First-order RC and RL filters have a single pole at the corner frequency ω_c = 1/τ. Low-pass filters (RC or RL) have -20 dB/decade rolloff above the corner; high-pass filters have +20 dB/decade rolloff below the corner. Phase shift varies from 0° to ±90° around the corner frequency. These simple filters are building blocks for complex filter designs.
You know from transfer function analysis that a filter's frequency response describes how it scales and phase-shifts sinusoids at each frequency. First-order RC and RL filters make this concrete with the simplest possible case: one reactive element, one resistor, and a transfer function with a single pole. Understanding these filters deeply gives you the foundation to analyze any filter as a combination of simpler building blocks.
The corner frequency (or cutoff frequency) ω_c = 1/τ — where τ = RC for RC circuits and τ = L/R for RL circuits — is the pivot point of the filter's behavior. At frequencies well below ω_c, the filter passes signals nearly unchanged (gain ≈ 1, phase ≈ 0°). At frequencies well above ω_c, the filter substantially attenuates the signal. For a low-pass RC filter (output taken across the capacitor), the Bode magnitude plot is flat at 0 dB below the corner, then falls at −20 dB per decade above it — meaning every tenfold increase in frequency beyond the corner halves the output amplitude in a logarithmic sense. The −20 dB/decade rolloff is the signature of a single pole, and it's why first-order filters are sometimes called "single-pole" filters.
A high-pass filter inverts the behavior: signals are attenuated at low frequencies and passed at high frequencies. In an RC high-pass (output taken across the resistor), the magnitude rises at +20 dB/decade below the corner and levels off above it. The physical intuition follows directly from impedance: a capacitor has impedance 1/(jωC), which is very large at low frequencies (blocking DC and slow signals) and small at high frequencies (passing fast signals). If you take the output across the capacitor, you get a low-pass response; across the resistor, a high-pass response. Swapping which element you measure determines the filter type.
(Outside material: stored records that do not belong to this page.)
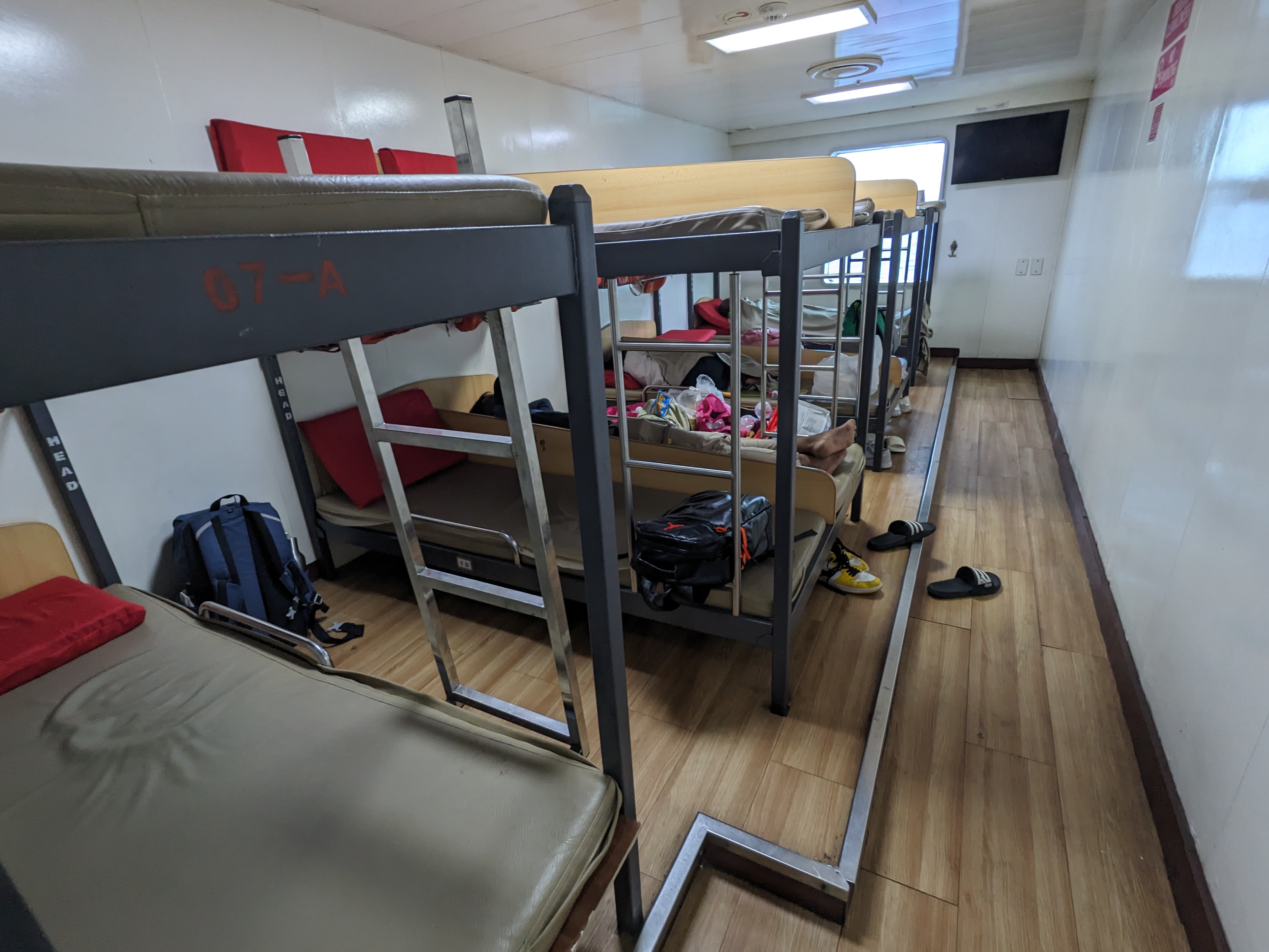 Yesterday, I didn't do much except checking out of my place and went to the ferry terminal at 1 PM to catch the 4 PM ferry to Coron. The ticket, which I had to print out, stated that I need to be at the ferry terminal 3 to 4 hours ahead. Around 2 PM, I got an email saying the ferry will leave at 8 PM instead due to a technical issue. I thought it would be a long wait, but I was able to get on the ferry around 5 PM. The ferry company is called 2GO and the ferry ride is 13 hours to Coron from Manila. Once I saw my bunk bed, which was one of many beds that's packed like sardines, I realized that I wanted to switch to a better bed. And that I did. I ended up spending an additional 300 PHP, or about $6 USD, to sleep in a room with only 4 bunk beds. I also had to pay 50 PHP for a blanket. I feel 2GO is just trying to squeeze the passengers out of every peso they can. They even tried to make me pay for toilet paper using a toilet that didn't even flush! Anyway, the ferry arrived in Coron around 11 AM today. I will never ride an overnight ferry in the Philippines again!
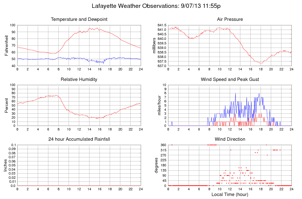 Temperature (F) 66.1 57.9 @ 06:50 95.8 @ 15:30 75.7
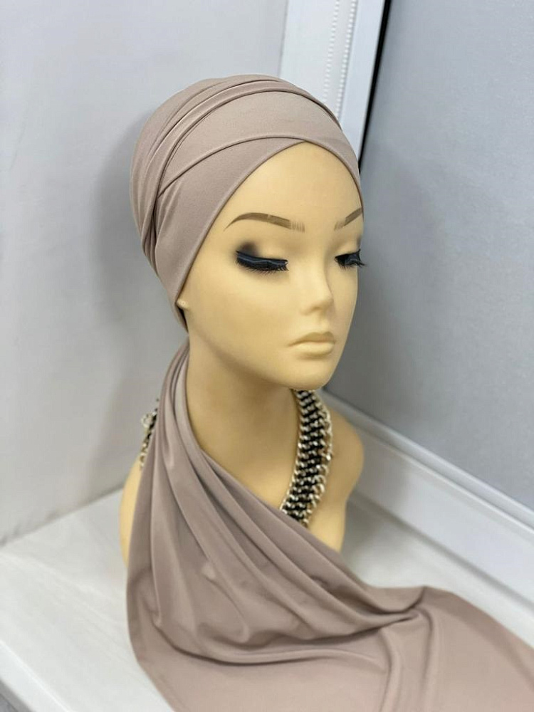 Красивая чалма светло-серого цвета из трикотажа. Готовый хиджаб
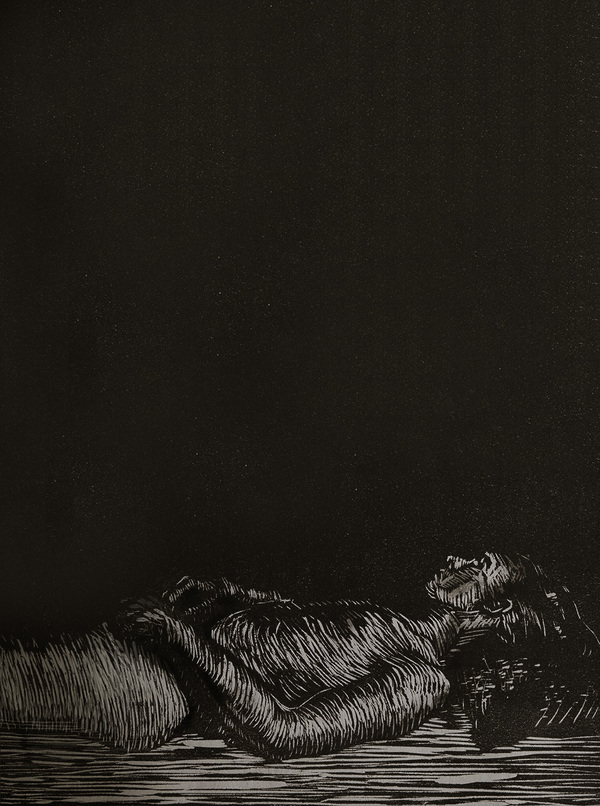 Тело в состоянии покоя неопределенно, как фигура с посмертной фотографии викторианской эпохи. Движение внутри инертной плоти, либо инерции внутри живого тела. Серию линогравюр составляют люди, вытесненные из контекста жизни и смерти. Точка невозврата или неуловимого будущего. Движение уже немыслимо, всё это неразрешимая пауза, а плоскость для сна — и смертный одр, и ложе для второго дыхания. Момент «сейчас», есть один неоднозначный кадр от всей ленты времени.

Phase shift is the other half of the filter's character and should not be treated as an afterthought. At the corner frequency, both low-pass and high-pass first-order filters introduce exactly ±45° of phase shift. The low-pass filter produces −45° (output lags input by 45°) and approaches −90° as frequency increases far above the corner. This phase shift matters for control systems — it contributes to the total phase lag in a feedback loop that determines stability. The −3 dB point, where the gain drops to 1/√2 ≈ 0.707 of its passband value, coincides precisely with the corner frequency, directly linking the time-domain time constant τ to the frequency-domain bandwidth. Smaller τ means higher corner frequency and wider passband; larger τ means narrower bandwidth and slower transient response.